‹ Dragoman · Edition 18
Translated from Japanese · 8 June 2026
translated from Japanese

Four Rounds of U.S.-China Summits: Who Won the First Bout? Foresight World Watcher’s 8 Tips

The first of this year’s expected four U.S.-China summit meetings revealed a relationship in which China could claim strategic steadiness while the United States sought to advertise narrower economic gains.

4連戦の米中首脳会談、第1戦で勝ったのはどちらか
Foresight · フォーサイト編集部 · 17 May 2026 · read the original in Japanese →

Four Rounds of U.S.-China Summits: Who Won the First Bout? Foresight World Watcher’s 8 Tips4連戦の米中首脳会談、第1戦で勝ったのはどちらか Foresight World Watcher's 8 Tips

The U.S.-China summit held on May 14 and 15: in the end, which side won? The United States and China are expected to hold four summit meetings this year, and this was the first. Next comes President Xi Jinping’s visit to the United States in September, followed by the APEC summit and the G20 summit. We must assume, of course, that new developments will continue to emerge. Even so, this meeting brought the present configuration of relations between the two countries into sharp relief. This week, we bring you eight articles and essays related to the U.S.-China summit.

An editorial in the Global Times, under the umbrella of the People’s Daily, the organ of the Chinese Communist Party, positioned this summit as the starting point for “constructive and strategically stable China-U.S. relations” (details below). Its understanding was that the two sides had agreed to manage U.S.-China competition “within an appropriate scope” and to “stabilize” bilateral relations. The Trump administration, by contrast, emphasized economic agreements, such as “expanding U.S. companies’ access to the Chinese market and increasing Chinese investment in American industry.” China maintains that it secured gains in the long-term U.S.-China relationship; the United States claims it locked in economic benefits.
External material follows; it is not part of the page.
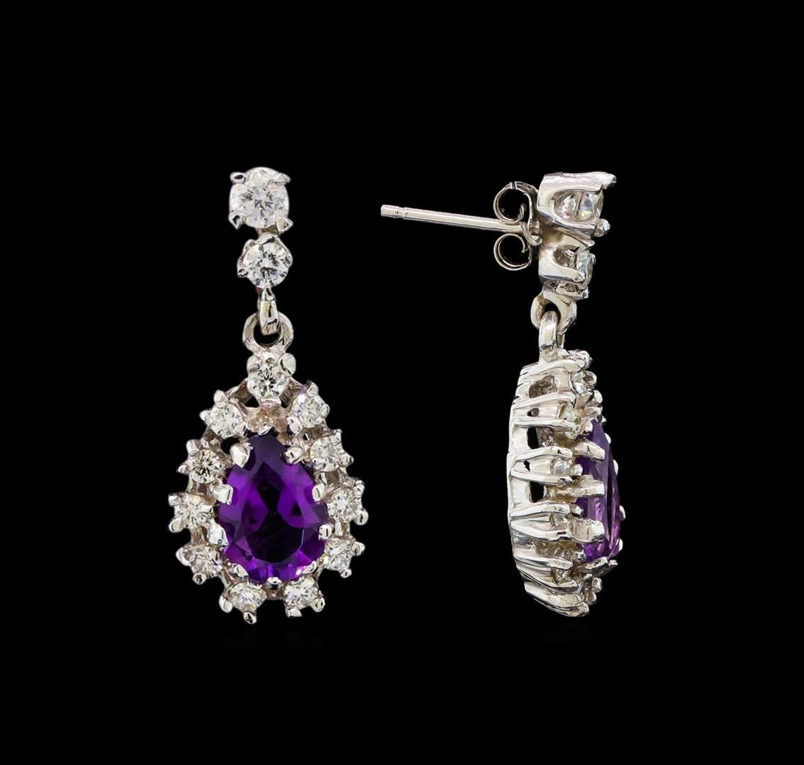 One pair electronically tested 14KT white gold ladies cast amethyst and diamond earrings with friction posts with a bright polish finish. Condition is new. Containing: Two prong set pear modified brilliant cut natural amethysts, measuring 8.50 x 6.80 x 4.42mm, approximate total weight of 2.72ct., clarity is eye clean, type II, medium, moderately strong, purple color, (GIA P 5/4), cut is good. Twenty-Six prong set round brilliant cut diamonds, measuring 3.00. - 2.00. x 1.50mm (depth est.) approximate total weight of 26 Stones = 1.00ct. Clarity: SI-2 to I-1. Color: H - I, Cut is Good. Colored gemstones are presumed to have been subjected to commonly used enhancement processes. All diamonds and colored gemstones are graded in the mounting, unless otherwise stated. Total Weight of Colored Stones 2.72ct. Total Weight of Diamonds 1.00ct. Total Weight of Earrings 5.30 grams. GGL Appraised at $3,185.00.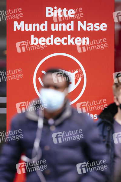 Am Düsseldorfer Hauptbahnhof fordern Schilder der Deutschen Bahn Reisende dazu auf: 'Bitte Mund und Nase bedecken'. Auch in Fußgängerzonen und auf öffentlichen Plätzen gilt bei einem erhöhten R-Wert Maskenpflicht. (Themenbild, Symbolbild) Düsseldorf, 09.10.2020

There was, of course, the important subject of Iran. On that point, however, while the American side said the two leaders shared the view that “Iran must not be allowed to possess nuclear weapons,” the Chinese side went no further than to say that “solutions to issues including the Iranian nuclear problem should be reached through dialogue and consultation.” The Global Times editorial mentioned above does not even refer to Iran specifically. For China, given its relationship with Iran and domestic public opinion, a frontal criticism had to be avoided; for the moment, the two sides appear simply to have said what they wanted, and what they were able, to say.

At the same time, the economic agreements China granted to the United States, despite the presence of an illustrious roster of American executives at the Beijing dinner, lacked the concreteness one would expect of real fruit. President Trump’s claim that he would “make them buy 200 Boeing jets” is also seen by some as having been the minimum line envisioned by the American side.

In other words, the summit seems to have produced, for China at least, a result that brought no “disappointment.” President Trump posted on social media that “Chairman Xi said America may be in decline,” and interpreted this as a reference to the failures of the Biden administration. But “the East is rising and the West is declining” was already, by January 2021 at the latest, that is, at the very start of the Biden administration, a front-and-center element of the Xi leadership’s view of the international situation. It is a basic premise of the scenario in which the “great rejuvenation of the Chinese nation” is to be achieved around 2050. To say this in front of the American president strikes me as a rather bold move.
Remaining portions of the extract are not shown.